A smart but often strident look at the trouble that technological progress might portend.

A somber warning about the dire problems caused by unchecked technology.

Contemporary discussions about technology’s sociological impact are often critical but rarely ominous. Relatively few writers have interpreted the breakneck pace of advancement as a challenge to our very humanity. Debut author Publius, however, cautions that such progress brings more power to ruling elites at the expense of others. First, the book highlights the unprecedented expansion of computer-assisted power to scrutinize every aspect of our lives. This is seen usually seen in the field of marketing, in which our activity as consumers is thoroughly inspected, but Publius asserts that it also extends to all other human behavior. Second, the author notes that progress in the fields of automation and artificial intelligence threaten certain types of laborers with outright replacement; soon, Publius says, a whole host of occupations will be staffed by robots. This challenges the very existence of the middle class, which has been historically dependent upon a surfeit of low-skilled employment. Moreover, the author says, it’s not only vanishing jobs that are at issue, but also the implications of living among intelligent beings who aren’t people—a condition that, at the very least, raises urgent questions about what it means to be a human being. Publius is best when addressing the constituent elements of human dignity and the ways in which alternative forms of intelligence may undermine the unique moral value of human existence. Also, the book offers a searching discussion of the nature of human consciousness, which involves purposefulness, emotion, and even faith, rather than simply efficient computation.
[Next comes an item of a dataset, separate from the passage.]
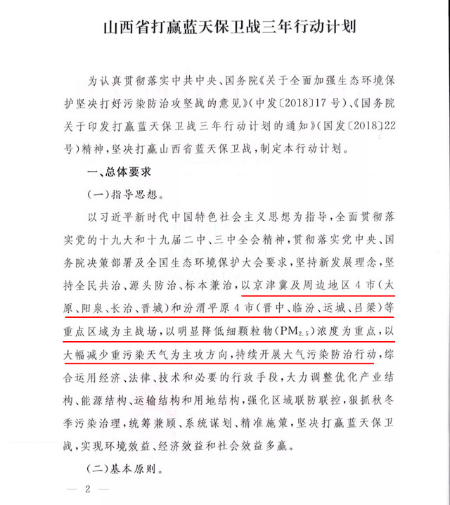 行動(dòng)計(jì)劃以京津冀及周邊地區(qū)4市(太原、陽(yáng)泉、長(zhǎng)治、晉城)和汾渭平原4市(晉中、臨汾、運(yùn)城、呂梁)等重點(diǎn)區(qū)域?yàn)橹鲬?zhàn)場(chǎng),以明顯降低細(xì)顆粒物(PM2.5)濃度為重點(diǎn),以大幅減少重污染天氣為主攻方向,持續(xù)開(kāi)展大氣污染防治行動(dòng)。

Unfortunately, these provocative explorations are often undermined by breathless hyperbole, such as, “Really then, it’s just a matter of time and a mere flip of some switch, before this bad-to-the-bone one becomes—tomorrow’s diabolical nightmare.” Many sentences are boldfaced for emphasis, and it’s not unusual for an assertion to be punctuated with a concluding “dammit!” It’s a shame that the book’s prevailing tone of shrill alarmism will turn off many readers, who might then miss the book’s many thoughtful philosophical insights.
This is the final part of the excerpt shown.